Thursday, 11 April 2013

The Hugh Lane - the permanent collection

The Hugh Lane, Dublin City Gallery, Parnell Square. Some of the works in their permanent collection that I particularly liked. 19th century and related works in this post.
The Diligence in the Snow, Gustave Courbet, 1819

A good example of Courbet's realism, this painting is thought to derive from an accident Courbet witnessed while on a hunting trip near his birthplace. The coach is overturned in snowdrifts so deep and sculpted that they resemble a stormy sea, the small figures dwarfed by the expansive landscape setting. The brooding sky heightens the sense of drama and the isolation of the struggling group.

Lavacourt under Snow, Claude Monet, 1878-79

A simple composition, allowing the artist to focus on the light effects on the snow.

Thoroughbred Horse, Edgar Edgas, 1865-81

Degas' interest in movement is manifest in this sculpture where the exposed spinal cord is the means of emphasizing this.

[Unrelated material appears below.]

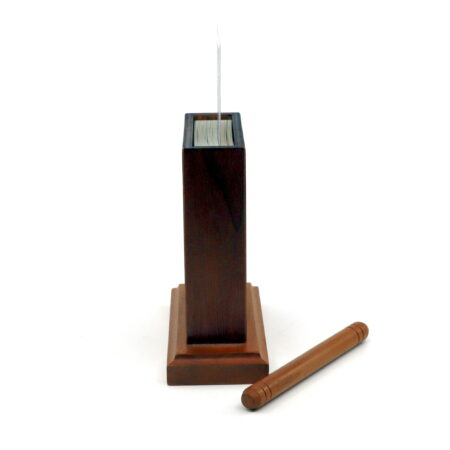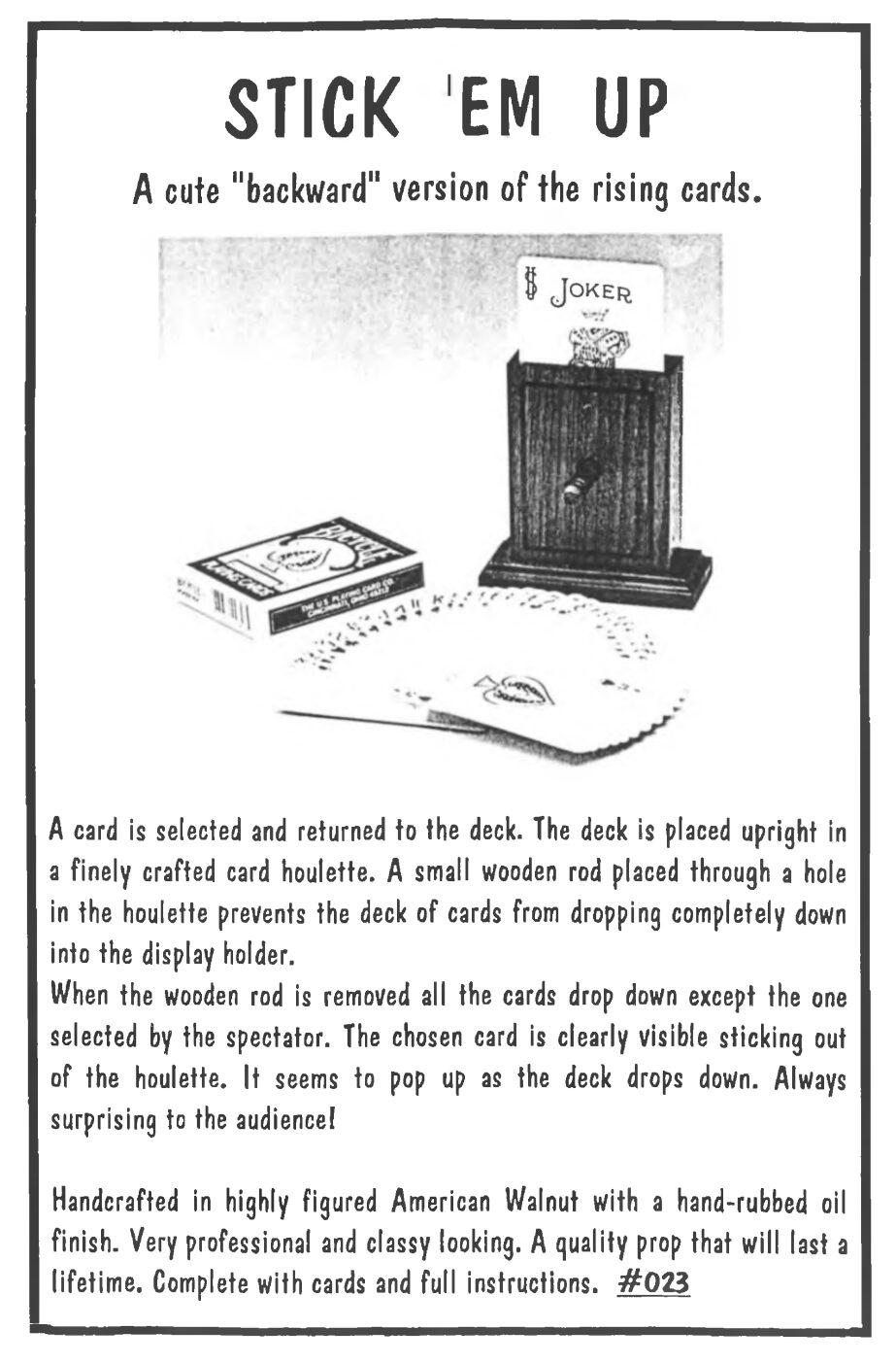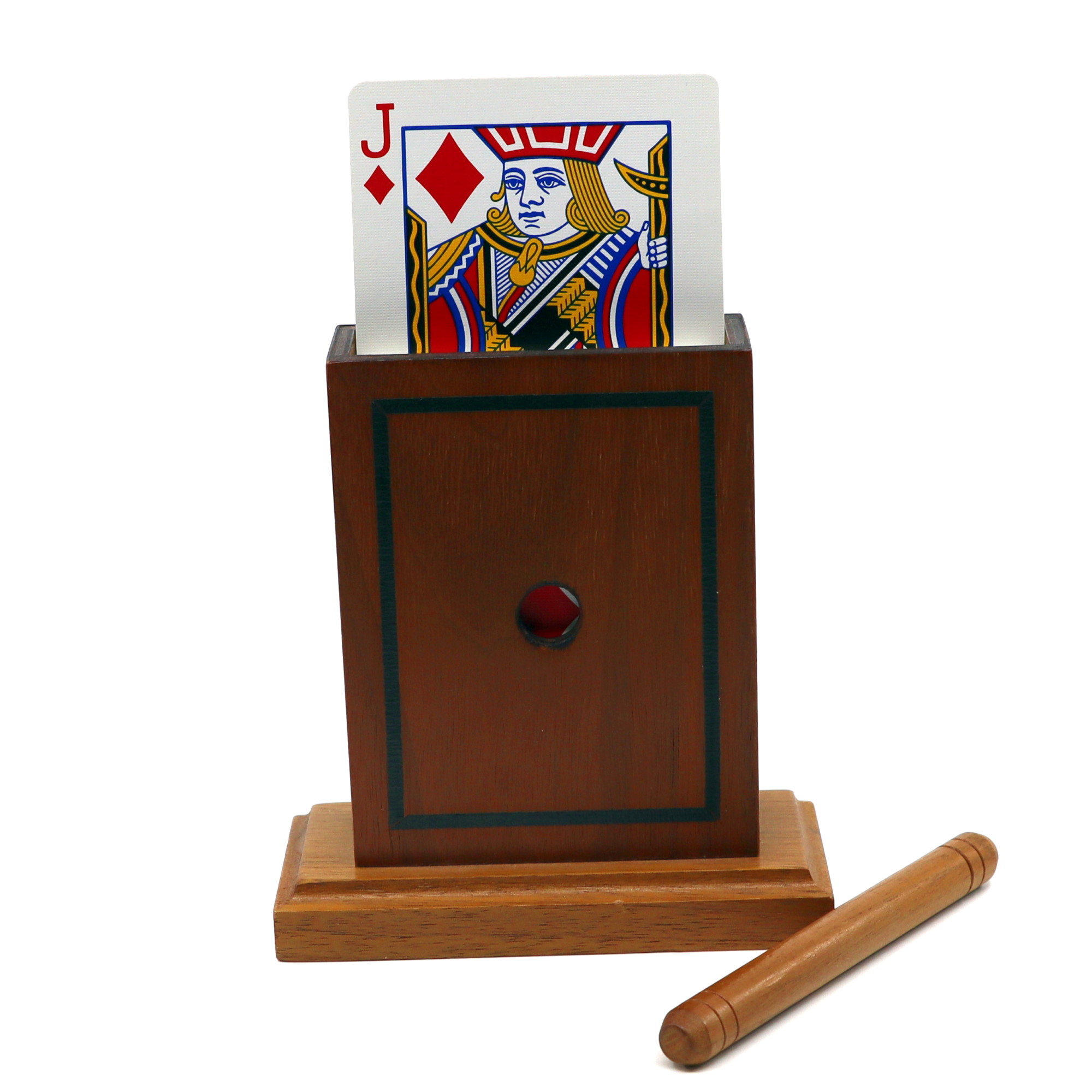 Effect: A card is selected and returned to the deck. The deck is placed upright in a finely crafted card houlette. A small wooden rod placed through a hole in the houlette prevents the deck of cards from dropping completely down into the display holder.

A Peasant Woman, Edgar Degas, 1871

Even though Degas is seen as an Impressionist, and drew on contemporary life for his paintings, his work differs from the work of other Impressionists in that it displays no dissolution of form. His preoccupation in this small painting was to tackle the problems of painting white material against light, with its opposing qualities of transparency and opacity. The girl's white headdress is illuminated by the bright sunlight that pours in through a transparent white curtain. This painting also reveals his preoccupation with contre-jour, modelling mass against light.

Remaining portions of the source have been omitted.